Между тем она — вовсе не только литературное явление, пусть и сколь угодно значительное. Все в ней дышит какой-то мощной раскованностью, широтой взгляда на исследуемую вещь, порой безбоязненно вступающих в противоречие не только с общепринятыми взглядами и подходами, но и с прежними суждениями самого ученого. Иными словами: на литературу и ее историю Л.Е. Пинский смотрит так же, как нужно смотреть на самое жизнь, — не плоскостно, не схематично, учитывая, вернее, переживая все борющиеся между собою тенденции. Отсюда, из этого подхода, рождаются искрометные формулы Пинского, которые высвечивают любое явление целиком, запоминаются разом — и навсегда. Ну, например: “…эпоха рококо внушает нам сложную смесь восхищения и неуважения”. Прекрасно! Так хорошо, что невозможно остановиться в цитировании и хочется продолжать: “… рококо есть культура старческая, разлагающаяся, и поэтому она тяготеет ко всему несформировавшемуся, незрелому; так, образ Керубино есть шедевр этого стиля, его идеал и мечта”.
Как преподаватель не могу не сказать, что именно исследовательский путь Пинского — путь неразрешимых, казалось бы, вопросов и неокончательных ответов, путь не затверделых, а многозначных, словно бы неготовых выводов — это, пожалуй, единственный путь, на котором мы сейчас можем встретиться с теми, кого обучаем, показать им живую текучесть самого материала искусства.

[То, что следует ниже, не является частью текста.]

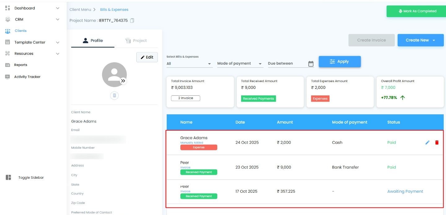 Calculates your project’s profit by comparing total income and total expenses. You can monitor profitability trends here to support better decision-making.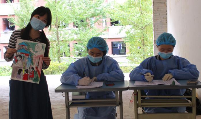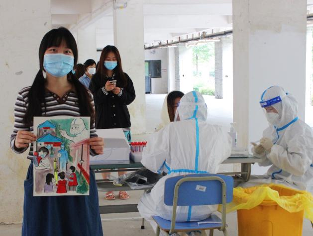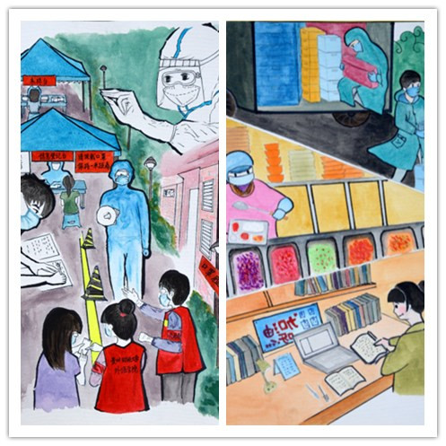 在李娜同学的画作中,有“逆行”抗疫的医务人员,有身穿红色马甲的学生志愿者们,也有保供物资的教职工志愿者和保障一餐一饭的食堂阿姨们。

И — книга Пинского дает такую возможность: показать драму искусства, всякого по-настоящему крупного художественного произведения.
В самом деле, что может быть драматичнее, что больше взывает к нашему сопереживанию, чем, например, “Дон Кихот”? Но ведь драматизм этой вещи можно понимать и иначе: как драматизм живой жизни, как свежую, острую неожиданность всего происходящего в романе, как парадоксальность внутренних изменений, которые претерпевают и герой, и сострадающий ему читатель. Посмотрим, как говорит об этом Пинский: “Но это также новые, до сих пор скрытые возможности по отношению к самому себе, способность Дон Кихота возвыситься над собственным безрассудством и перейти от простого безумия к “мудрому” безумию — переходы всегда неожиданные для окружающих и для читателя. Движение образа начинается уже в первой части, где за книжными галлюцинациями проступает более глубокое, жизненное содержание… Неожиданность этих переходов показывает читателю, что он слишком поспешил со своими окончательными выводами о герое, довольно поверхностно определил его пафос, слишком рано поставил его натуре предел… Таков в начале второй части эпизод встречи с крестьянками из Тобосо, где Дон Кихот “обманул” ожидания и читателя и Санчо, который собирался выдать ему одну из крестьянок за Дульсинею, но герой оказался не таким простоватым. Таково в конце истории духовное исцеление Дон Кихота, когда он сам освобождается от своих иллюзий — к величайшему изумлению своих друзей, безуспешно пытающихся поддержать в нем прежние заблуждения…”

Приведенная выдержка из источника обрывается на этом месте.